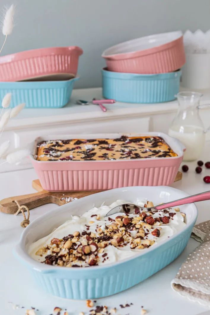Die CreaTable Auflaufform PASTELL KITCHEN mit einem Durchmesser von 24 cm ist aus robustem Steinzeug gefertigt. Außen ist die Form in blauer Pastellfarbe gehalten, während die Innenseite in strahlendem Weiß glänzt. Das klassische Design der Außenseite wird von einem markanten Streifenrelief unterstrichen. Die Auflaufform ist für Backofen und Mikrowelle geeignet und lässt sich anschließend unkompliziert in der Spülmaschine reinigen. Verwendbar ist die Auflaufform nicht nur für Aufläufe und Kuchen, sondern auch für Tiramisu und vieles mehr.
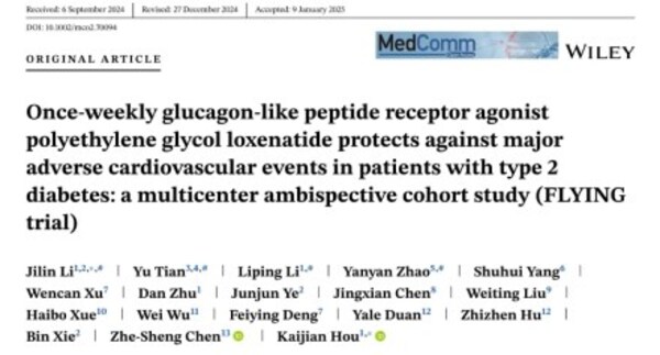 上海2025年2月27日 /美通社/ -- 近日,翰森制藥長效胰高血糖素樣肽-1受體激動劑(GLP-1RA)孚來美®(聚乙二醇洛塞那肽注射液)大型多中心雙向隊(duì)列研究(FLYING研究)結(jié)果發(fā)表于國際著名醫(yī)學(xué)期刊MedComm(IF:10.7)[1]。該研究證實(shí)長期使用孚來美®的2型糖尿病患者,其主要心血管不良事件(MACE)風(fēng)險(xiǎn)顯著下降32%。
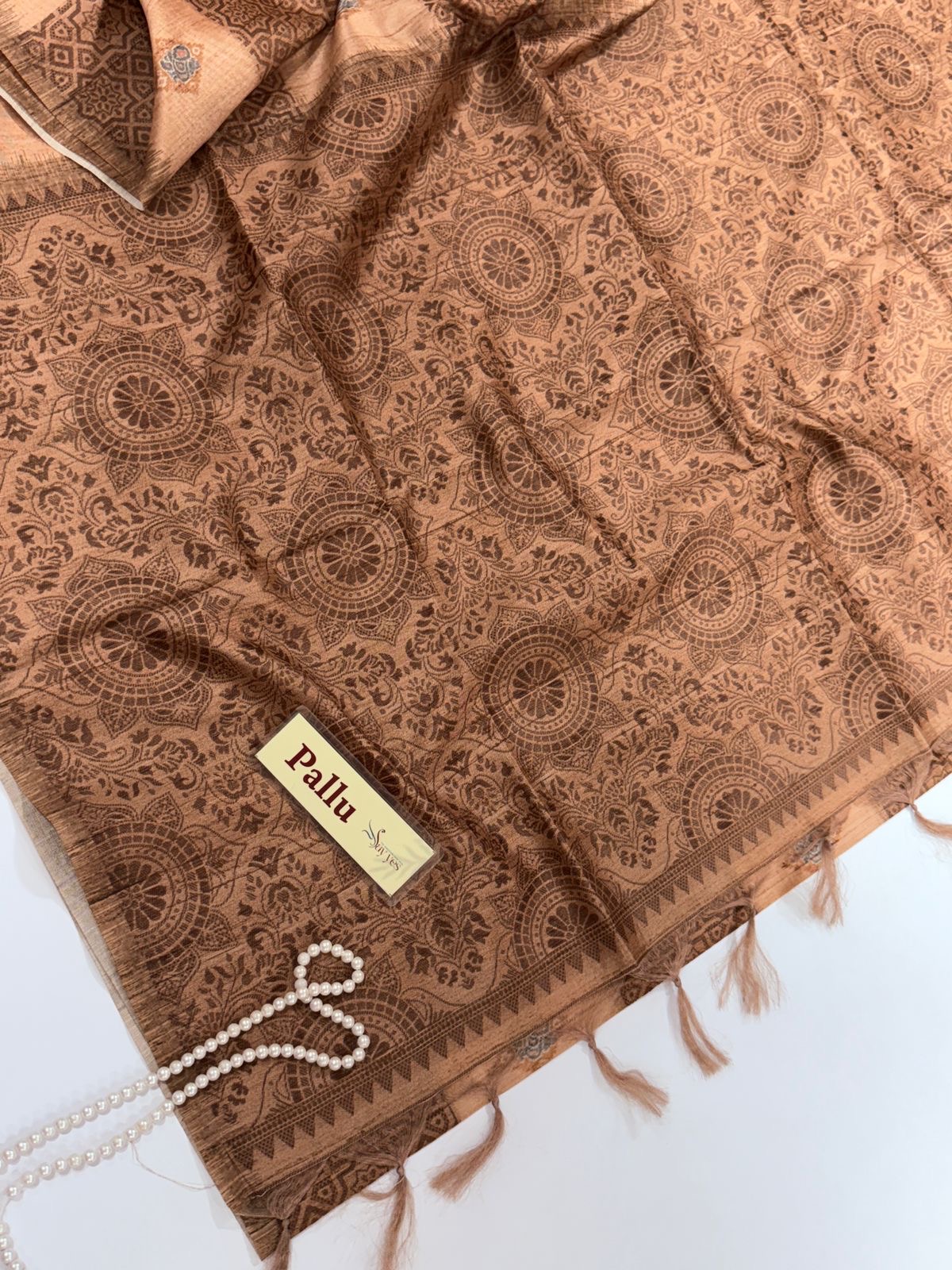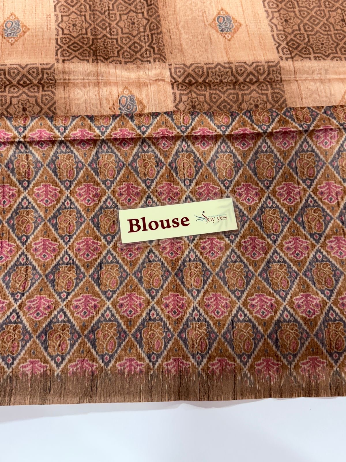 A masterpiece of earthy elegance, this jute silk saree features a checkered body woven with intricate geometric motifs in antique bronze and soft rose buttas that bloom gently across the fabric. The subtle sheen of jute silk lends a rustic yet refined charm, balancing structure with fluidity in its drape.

REQUIRED ACTION :: A word-for-word copy of the material is required; pictures stay out of it.

EXERCISE RESPONSE ::
Die CreaTable Auflaufform PASTELL KITCHEN mit einem Durchmesser von 24 cm ist aus robustem Steinzeug gefertigt. Außen ist die Form in blauer Pastellfarbe gehalten, während die Innenseite in strahlendem Weiß glänzt. Das klassische Design der Außenseite wird von einem markanten Streifenrelief unterstrichen. Die Auflaufform ist für Backofen und Mikrowelle geeignet und lässt sich anschließend unkompliziert in der Spülmaschine reinigen. Verwendbar ist die Auflaufform nicht nur für Aufläufe und Kuchen, sondern auch für Tiramisu und vieles mehr.
 上海2025年2月27日 /美通社/ -- 近日,翰森制藥長效胰高血糖素樣肽-1受體激動劑(GLP-1RA)孚來美®(聚乙二醇洛塞那肽注射液)大型多中心雙向隊(duì)列研究(FLYING研究)結(jié)果發(fā)表于國際著名醫(yī)學(xué)期刊MedComm(IF:10.7)[1]。該研究證實(shí)長期使用孚來美®的2型糖尿病患者,其主要心血管不良事件(MACE)風(fēng)險(xiǎn)顯著下降32%。
 A masterpiece of earthy elegance, this jute silk saree features a checkered body woven with intricate geometric motifs in antique bronze and soft rose buttas that bloom gently across the fabric. The subtle sheen of jute silk lends a rustic yet refined charm, balancing structure with fluidity in its drape.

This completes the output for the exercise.